South African politician and philanthropist

Hyman Liberman (1853 - 23 June 1923) was a Polish-born South African politician, produce merchant and philanthropist. He served three consecutive terms as the Mayor of Cape Town between 1904 and 1907. He was the city's first elected Jewish mayor. David Bloomberg, who served as mayor of the city in the 1970s, said that Liberman's appointment was "extraordinary" at the time as much of the Council was made up of gentry from England, Scotland and Ireland. He became the second Jewish person in South Africa to hold mayoral office, after H.H. Solomon in Port Elizabeth in 1875. According to Milton Shain, Liberman may have been the inspiration behind a Jewish caricature cartoon by D. C. Boonzaier.

He was born in Suwałki in Poland and spent much of his childhood in Birmingham, where he served a business apprenticeship, before emigrating to South Africa in 1873 at age 20. He was a senior partner in the produce merchants firm, Liberman & Buirski and became very successful. This allowed him to be an active philanthropist, and he also showed great care and concern for the refugees and unemployed that fled to the Cape during the Second Boer War.

He was congregation president of the Gardens Shul and formally opened the new synagogue in 1905. The facade of the synagogue also contains the Liberman Memorial stained glass windows. As mayor he also opened the newly completed Cape Town City Hall. He was a member of Cape Town City Council from 1900 to 1916.

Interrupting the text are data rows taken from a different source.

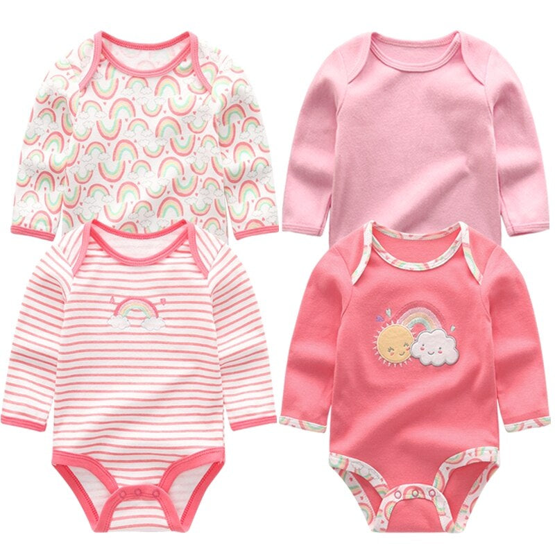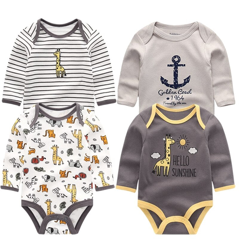 4Pcs Newborn Long-Sleeved Jumpsuits�is a perfect choice for your little one. Made from soft and breathable cotton material this set is suitable for both boys and girls. The casual style features an adorable print pattern and an O-neck collar. The long sleeves and covered chest closure make it comfortable and easy to wear. The set fits true to size and is a great choice for your baby's everyday wear.�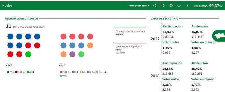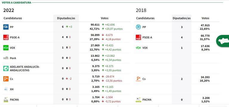 Hay un ganador indiscutible: El PP obtiene en Huelva 90.308 votos, casi 42.923 votos más y 6 parlamentarios. El PSOE se hace con 57.903 votos, unos 8.875 menos y 4 parlamentarios; VOX saca 26.995 votos, unos 89.359 más. Por Andalucía llega a los 13.830 y Adelante 8.358 y se causan heridas mutuas. Y lo de Ciudadanos es de traca: 28.686 votos menos y desaparece del mapa político de Huelva. Solo saca 5.707 sufragios.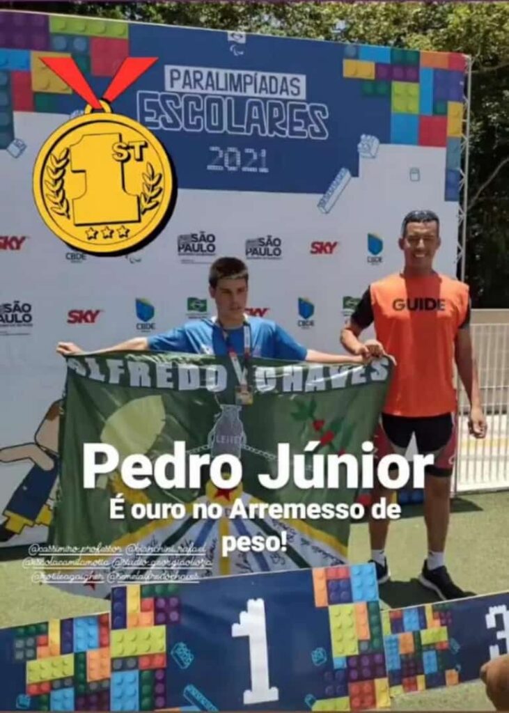 Outro jovem do Espírito Santo conquistou medalhas nas Paralimpíadas Escolares 2021, evento que aconteceu entre os dias 22 e 27 de novembro no Centro de Treinamento Paralímpico, em São Paulo. Pedro Junior Cassilhas Gomes, representando o município de Alfredo Chaves, conquistou o primeiro lugar no arremesso de peso e o terceiro no atletismo.

He died on 23 June 1923 and is buried at the 7th Avenue Jewish cemetery in Maitland.

==Legacy==

He bequeathed part of his personal fortune to the people of Cape Town to create art. The South African National Gallery was being built at the time and subsequently became home to the "Hyman Liberman Memorial Doors" by H. V. Meyerowitz, depicting aspects of Jewish life in South Africa. The main exhibition was also named after Liberman. In 1934 the Hyman Liberman Institute opened as a community centre and library in District Six. It was based on the model of Toynbee Hall in London and was partnered with the University of Cape Town. It became the centre of "high culture"
in the district.

Scholarships were also established in his name at the University of Cape Town from 1927. He also established the Esther Liberman Scholarship at the university in 1918, in the name of his late wife. He also bequeathed money to his synagogue, the Gardens Shul. Liberman's former home, Rosecourt at 25 Breda St in Gardens is now used by Astra, a sheltered employment organisation for Jewish adults.